Gloria Steinem est morte ce jeudi à l'âge de 92 ans. Elle a été l'une des voix les plus reconnaissables et influentes de la deuxième vague du féminisme aux États-Unis. Pendant plus de six décennies, elle a défendu l'égalité entre les femmes et les hommes, les droits reproductifs et une plus grande présence féminine en politique, dans le journalisme et dans les espaces de pouvoir. En 2021 elle a reçu le Prix Princesse des Asturies de Communication et Humanités.
De journaliste sous couverture à référence féministe
Née le 25 mars 1934 à Toledo, Ohio, Gloria Steinem a étudié au Smith College et a ensuite passé deux ans en Inde, une expérience qui a influencé sa conception de l'activisme social et de l'organisation communautaire.
Un de ses premiers travaux ayant eu le plus d'impact est arrivé en 1963, lorsqu'elle s'est infiltrée comme serveuse dans un club Playboy de New York. Le reportage, publié sous le titre A Bunny’s Tale, dénonçait les conditions de travail et le traitement réservé aux travailleuses. L'enquête lui a apporté de la notoriété, bien qu'elle ait également rendu difficile pendant un certain temps que les titres américains lui confient des sujets éloignés de la condition féminine.
Sa consolidation en tant que dirigeante féministe s'est produite en 1969 avec la publication dans New York Magazine de l'article After Black Power, Women’s Liberation. Le texte a contribué à amener dans le débat public les revendications du mouvement de libération des femmes.
La création de Ms. et le saut en politique
En 1972, elle a participé à la fondation de Ms., l'un des premiers magazines féministes destinés à un public national.
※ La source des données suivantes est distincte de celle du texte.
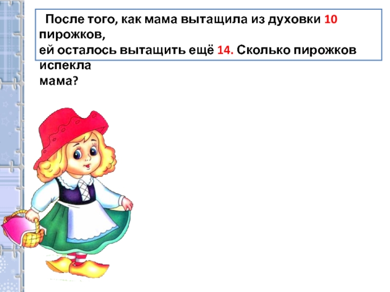 После того, как мама вытащила из духовки 10 пирожков,ей осталось вытащить ещё 14. Сколько пирожков испекла
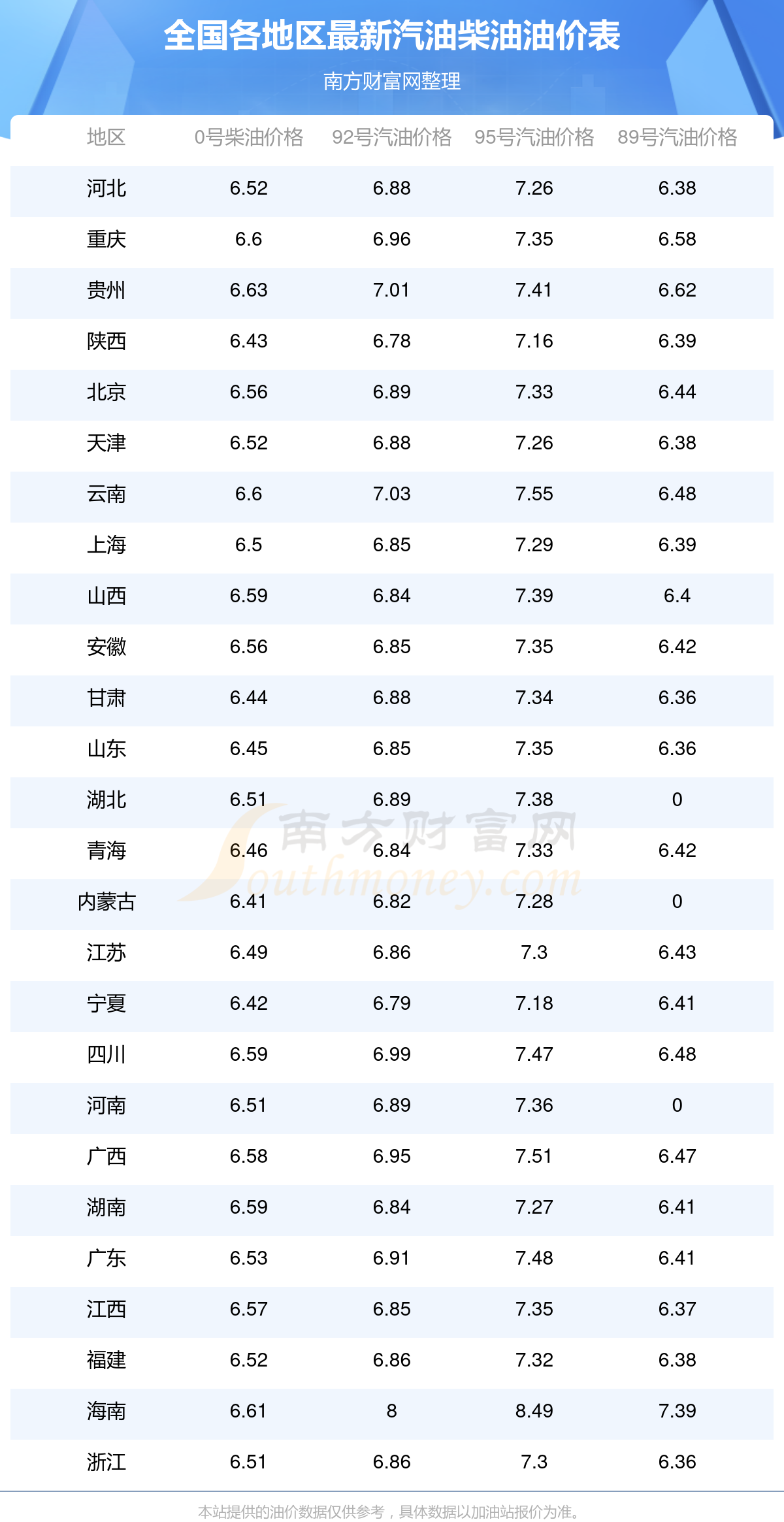 以上數(shù)據(jù)僅供參考,請以您所在地區(qū)的加油站實際售價為準(zhǔn)。南方財富網(wǎng)發(fā)布此信息的目的在于傳播更多信息,對使用該油價信息所導(dǎo)致的結(jié)果概不承擔(dān)責(zé)任。

La publication a amené dans les kiosques des questions jusqu'alors reléguées par les grands médias, comme l'avortement, la violence contre les femmes, la discrimination au travail, les soins ou la répartition inégale des tâches domestiques.
Steinem a également participé à la création d'organisations telles que le National Women’s Political Caucus, la Women’s Action Alliance et, en 2005, le Women’s Media Center, avec Jane Fonda et Robin Morgan.
Depuis ces espaces elle a promu la participation politique des femmes, défendu l'Amendement sur l'Égalité des Droits aux États-Unis et soutenu publiquement le droit à l'avortement. Son activisme s'est également étendu à la lutte contre le racisme, l'homophobie, l'apartheid et différentes formes de violence et de discrimination.
Figure clé
L'importance de Steinem ne réside pas uniquement dans ses écrits, mais dans sa capacité à connecter le journalisme, l'activisme social et l'action politique. Elle a contribué à transformer des problèmes considérés comme privés —la violence machiste, l'inégalité à la maison, la discrimination professionnelle ou le contrôle sur la reproduction— en sujets de débat public.
Elle a également aidé à ce que le féminisme occupe une place centrale dans les grands médias américains. Sa visibilité énorme en a fait un symbole du mouvement, bien qu'elle ait toujours insisté sur son caractère collectif et sur la nécessité d'écouter particulièrement les femmes les moins représentées.
Son parcours n'a pas été exempt de critiques. Certains secteurs féministes ont remis en question le protagonisme qu'elle a acquis en tant que femme blanche et de classe moyenne, tandis que d'autres ont reproché sa collaboration juvénile avec une organisation financée de manière cachée par la CIA. Steinem a reconnu cette relation, liée à la participation d'étudiants américains à des festivals internationaux pendant la Guerre froide.
Prix Princesse des Asturies
En 2021, Steinem a reçu le Prix Princesse des Asturies de Communication et Humanités. À ce moment-là, le jury a souligné son rôle en tant que référence essentielle dans la transformation sociale en faveur des droits des femmes et la combinaison du journalisme avec une intense activité intellectuelle et politique.
Parmi ses œuvres les plus connues figurent Actes scandaleux et rébellions quotidiennes, Révolution de l'intérieur et Ma vie sur la route, des mémoires dans lesquelles elle a raconté une vie marquée par les voyages, l'écoute et l'organisation de mouvements sociaux.
Avec son décès disparaît l'une des dernières grandes protagonistes de la révolution féministe américaine des années soixante et soixante-dix. Son héritage demeure dans la transformation du débat sur l'égalité et dans des générations de journalistes et d'activistes qui ont appris d'elle que l'expérience personnelle pouvait également être une question politique.